A study conducted during the 2017 total solar eclipse in North America found that bees remained active during the partial-eclipse phases both before and after the period of totality, but they essentially ceased flying during totality. Their flights also tended to be longer in duration immediately before and after totality, an indication that bees may have slowed down their flight speed or returned to their nests as light dimmed. Results of the study are published in the Annals of the Entomological Society of America. Credit: Susan Ellis, Bugwood.org
Oct. 10, 2018 (Phys.org) -- While millions of Americans took a break from their daily routines on Aug. 21, 2017, to witness a total solar eclipse, they might not have noticed a similar phenomenon happening nearby: In the path of totality, bees took a break from their daily routines, too.

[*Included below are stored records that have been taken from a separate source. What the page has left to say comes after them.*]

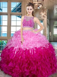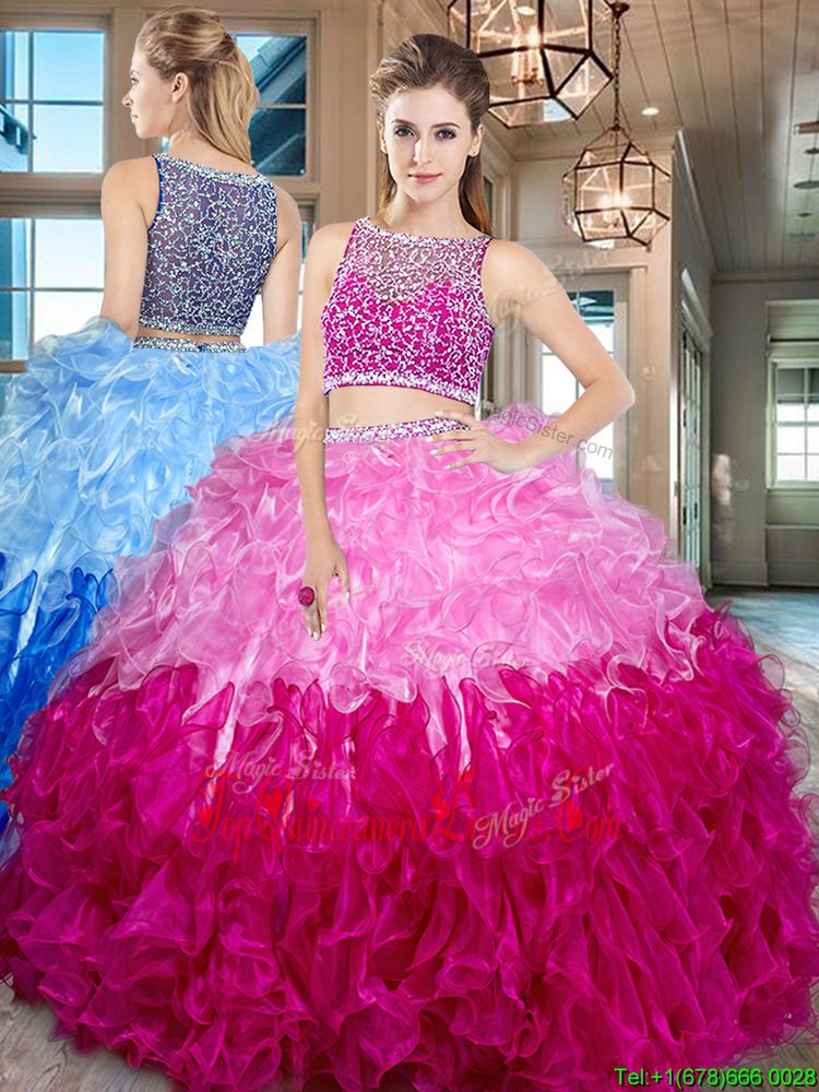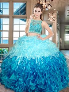 Beautiful Multi-color Organza Side Zipper Bateau Sleeveless Floor Length Sweet 16 Dresses Beading and Ruffles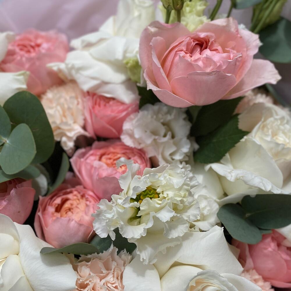 гортензия белая (колумбия) – 1 шт.Роза французская пионовидная – 5 шт.джульетта роза пионовидная – 1 шт.Диантус – 5 шт.Лизиантус Алиса белый – 1 шт.Эвкалипт цинерея – 5 шт.Пистаж – 2 шт.Тишью – 4 шт.Фоамиран (упаковка) – 4 шт.Лента атласная – 2 шт.хризал для срезанных цветов – 1 шт.инструкция по уходу за цветами – 1 шт.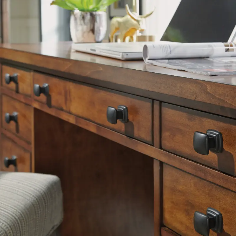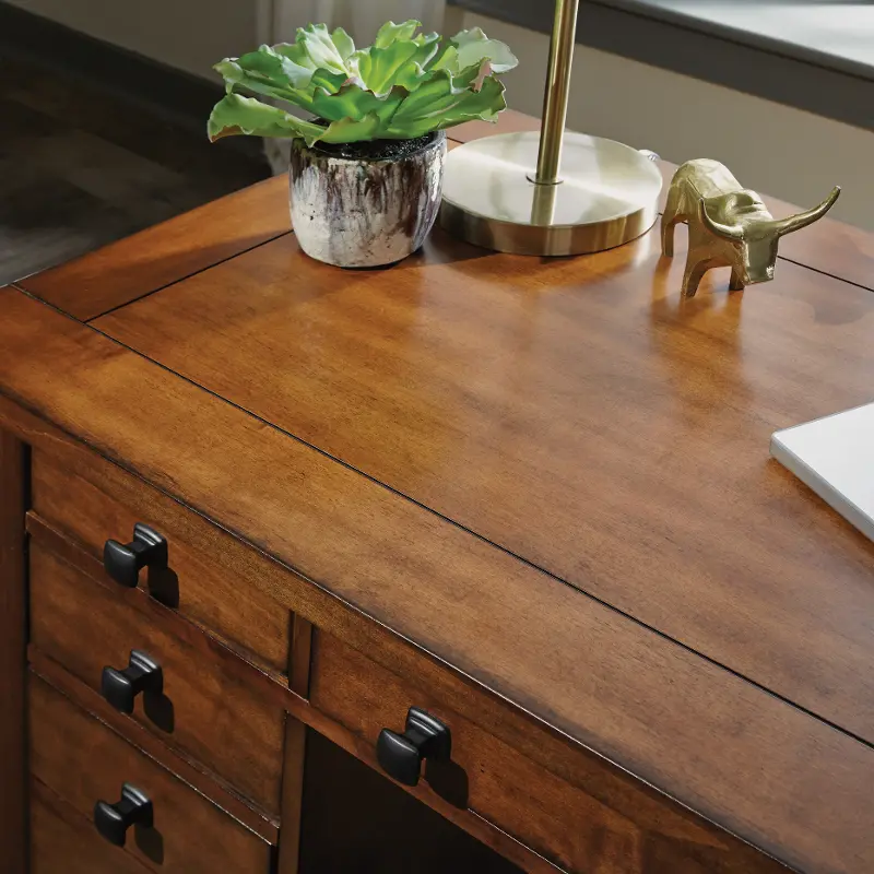 Available at RC Willey, this rustic maple brown executive desk is finished in an aged maple, with burnished edges, and distressing, to provide an aged worn look.
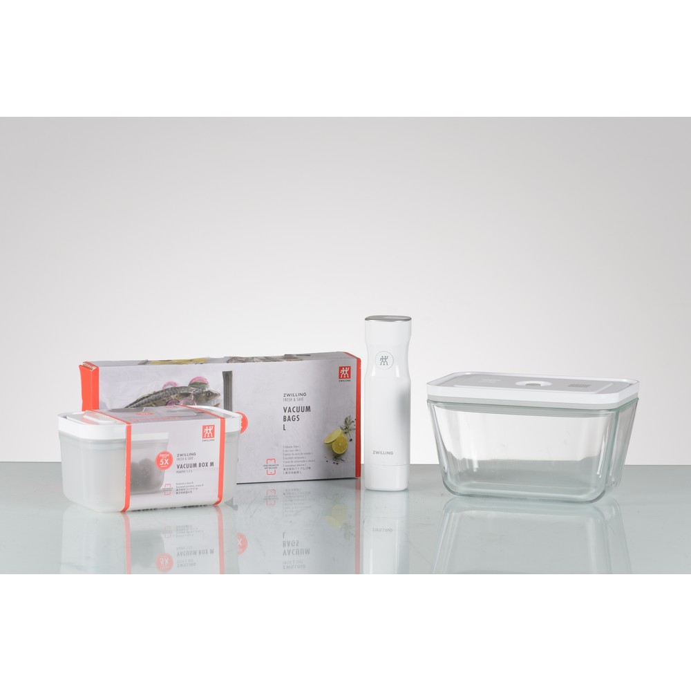 Una macchina per sottovuoto con due contenitori uno in vetro e l’altro in plastica, sacchetti per sottovuoto. Carica batterie mancante. Marchio di produzione.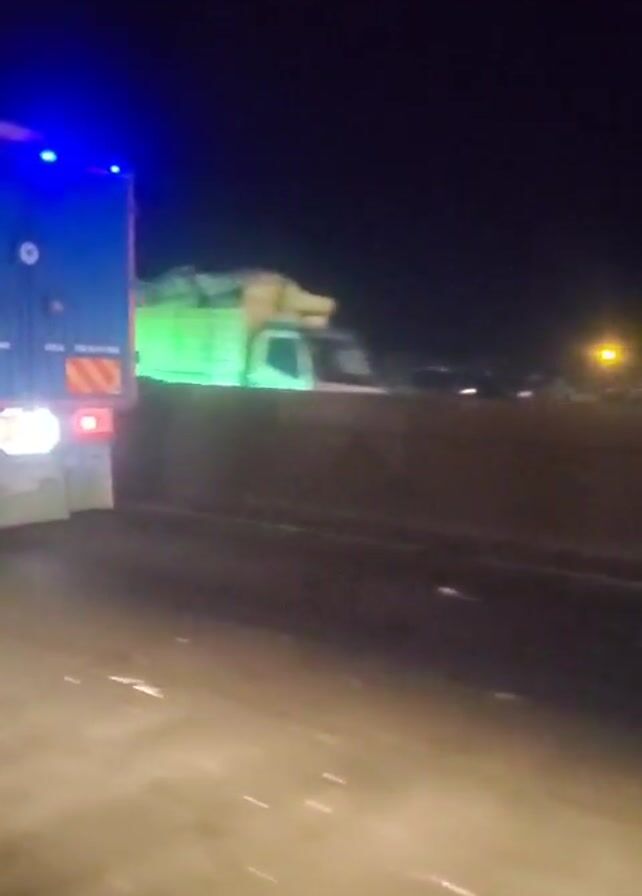 The video, recorded at night, appears to be taken near a roadside, possibly a highway or freeway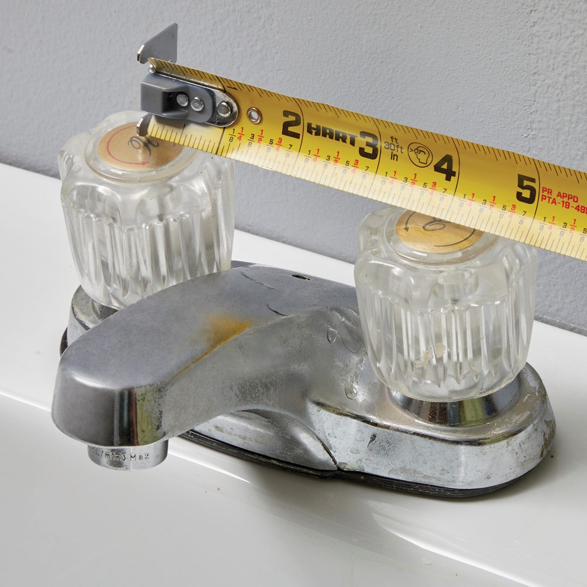 Before you choose a new faucet, check the configuration and spacing on your sink. If you have a three-hole configuration, measure from the center of each handle to determine your spacing. Standard spacing is typically 4 or 8 in. If you want a single-hole faucet but your sink includes three holes, no problem. Many faucets include a cover plate to conceal the other two holes.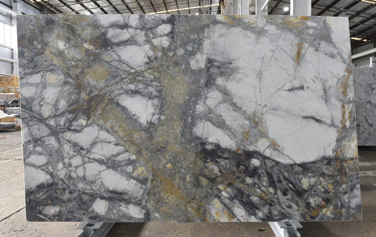 Ciel Blanc Dolomite is bold and strikingly beautiful. Featuring bold, layered grey and gold veins on a cool white base, this stone has a certain depth to it. Harness its eye-catching quality for a statement wall, kitchen island, or bar top in a high-end, contemporary space.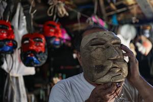 (260115) -- SAN SALVADOR, 15 enero, 2026 (Xinhua) -- Imagen del 14 de enero de 2026 del artesano Celio López elaborando una máscara típica en su taller de máscaras utilizadas en danzas tradicionales, en el departamento de San Salvador, El Salvador. (Xinhua/Alexander Peña) (ap) (da) (ra) (vf)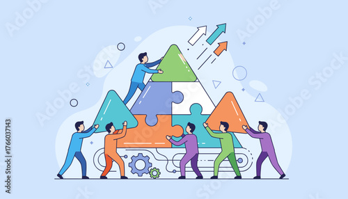 Vector illustration of big birthday holiday cake and tiny people confectioners decorating it with cream. Cake making services concept for web banner, website page etc.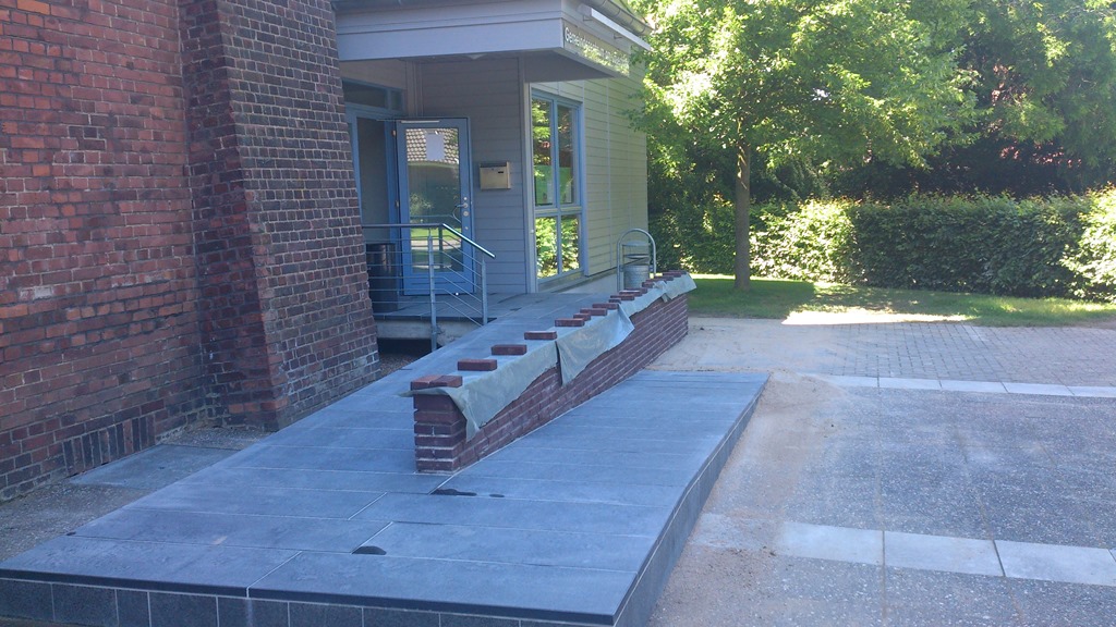 Gleichzeitig wurde am Eingang vor dem Geindezentrum am Lauerhaas heftig gearbeitet. Nach längerer Vorbereitung und Diskussion im Presbyterium war der Bau einer Rampe genehmigt worden, damit der Zugang für all jene erleichtert wird, die mit Rollator, Kinderwagen etc. das Gemeindezentrum betreten möchten. Auch drei Stufen können dabei für viele ein schwer überwindbares Hindernis darstellen. Ein größerer fünfstelliger Betrag wurde von der Gemeinde zur Realisierung zur Verfügung gestellt. Nun ist die Rampe fast fertig. Damit gibt es nun einen weiteren barrierefreien Zugang bei den Gebäuden der Evangelischen Kirchengemeinde Wesel. Nach dem Bau der Rampe am Haus am Dom und an der Gnadenkirche. Der Besucher kann die neue Rampe künftig auch für den Zugang zur Kirche benutzen.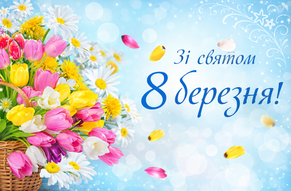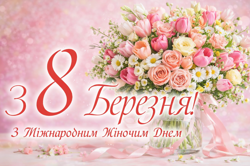 З Міжнародним жіночим днем! Бажаємо вам миру, добра, любові та благополуччя. Нехай ваше життя буде наповнене щасливими подіями, приємними зустрічами і гарними новинами. Нехай весна принесе нові мрії, а кожен день дарує радість і натхнення.

In an unprecedented study of a solar eclipse's influence on bee behavior, researchers at the University of Missouri organized a cadre of citizen scientists and elementary school classrooms in setting up acoustic monitoring stations to listen in on bees' buzzing -- or lack thereof -- as the 2017 eclipse passed over. The results, published Oct. 10 in the Annals of the Entomological Society of America, were clear and consistent at locations across the country: Bees stopped flying during the period of total solar eclipse.
"We anticipated, based on the smattering of reports in the literature, that bee activity would drop as light dimmed during the eclipse and would reach a minimum at totality," says Candace Galen, Ph.D., professor of biological sciences at the University of Missouri and lead researcher on the study.
"But, we had not expected that the change would be so abrupt, that bees would continue flying up until totality and only then stop, completely. It was like 'lights out' at summer camp! That surprised us."